The physical AI models market map: Behind the arms race to control robot intelligence
The robotics sector raised a record $40.7B in 2025 — up 74% YoY and 9% of all venture funding — making it a funding leader alongside AI software. Physical AI is driving this progress, enabling robots to operate in the … The post The physical AI models market map: Behind the arms race to control robot intelligence appeared first on CB Insights Research .

In 2025, the robotics sector experienced a significant surge in funding, raising a record $40.7 billion—an impressive 74% year-over-year (YoY) increase, which equates to 9% of all venture funding. This growth propelled the sector into the spotlight alongside AI software, marking a new era of innovation in physical AI. Physical AI, the backbone of this progress, enables robots to operate in the physical world and learn from real-world data rather than relying on pre-programmed rules. The race to control robot intelligence is now heating up, with companies vying for dominance in the physical AI models market.
The foundation of this arms race lies in building foundation models for robots to learn across a wide range of tasks. Unlike language models trained on text, physical AI models require extensive real-world robot data to function effectively. This need for data creates an early window for companies to establish a foothold in the market and secure a competitive advantage.
To better understand the landscape, CB Insights Research has created a comprehensive market map that identifies over 70 companies across 10 physical AI model categories. These companies have been organized into distinct groups based on their focus areas, providing valuable insights into the current state of the industry.
One of the key groups is "Data & Simulation," which includes companies specializing in synthetic data generation, real-world robot demonstrations, and simulation platforms. These platforms allow robots to learn in virtual environments, enabling them to adapt to real-world scenarios more effectively. By generating synthetic data, these companies help reduce the time and cost required for training robots, accelerating the development of physical AI systems.
Another significant group is "Model Approaches," which focuses on core AI architectures that enable robots to understand their environment, generate actions, and predict outcomes. These architectures are crucial for enabling robots to make informed decisions and adapt to changing conditions. Companies in this group are working on developing vision language models (VLMs) that allow robots to interpret visual information, vision language action models (VLAs) that generate appropriate actions, and world models that predict the consequences of these actions.
The "Foundation Models" group represents pre-trained robot intelligence that combines various model architectures for general manipulation, autonomous driving, and multi-robot coordination. These models serve as a starting point for robots to learn and adapt to new tasks, significantly reducing the time and resources needed for training. The development of foundation models is a critical area of focus, as they hold the potential to revolutionize the way robots interact with the physical world.
The "Observability" group consists of platforms that monitor deployed robots and feed real-world data back into training to improve performance. This continuous learning loop is essential for enhancing the capabilities of physical AI systems and ensuring they can adapt to new challenges. By leveraging real-world data, these platforms help companies refine their robots' decision-making processes and optimize their performance.
CB Insights customers can explore these companies through a dedicated platform, sorted by their Mosaic health score. The Mosaic score is a predictive metric that evaluates the health and success likelihood of private companies. In markets with five or fewer companies, all companies were included to provide a comprehensive view of the space. It is important to note that this market map is not exhaustive, as the physical AI models market is rapidly evolving, and new players are likely to emerge.

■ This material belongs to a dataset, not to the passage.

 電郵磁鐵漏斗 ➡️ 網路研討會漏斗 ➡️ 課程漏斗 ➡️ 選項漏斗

One of the key takeaways from this market map is the critical role of proprietary training data in the success of physical AI models. Companies that can generate and leverage high-quality, real-world data are well-positioned to lead the market. Additionally, the ability to adapt and refine models based on continuous learning and feedback is becoming increasingly important.

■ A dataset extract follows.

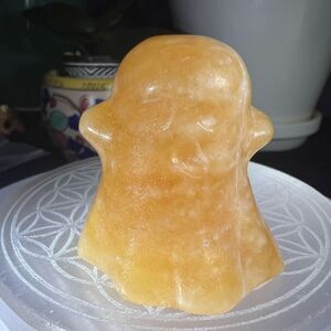 A yellow calcite crystal ghost carving is a stunning piece that showcases the vibrant, sunny hue of calcite, intricately shaped into a ghostly figure. Metaphysically, yellow calcite is believed to boost self-confidence, clarity, and positivity, while promoting a sense of inner joy and personal empowerment.

In conclusion, the physical AI models market is experiencing a dynamic transformation, driven by the need for robots to operate in the physical world and learn from real-world data. The arms race to control robot intelligence is intensifying, with companies vying for dominance in various categories. As the industry continues to evolve, the focus on data, model architectures, and continuous learning will be crucial in shaping the future of physical AI and robotics.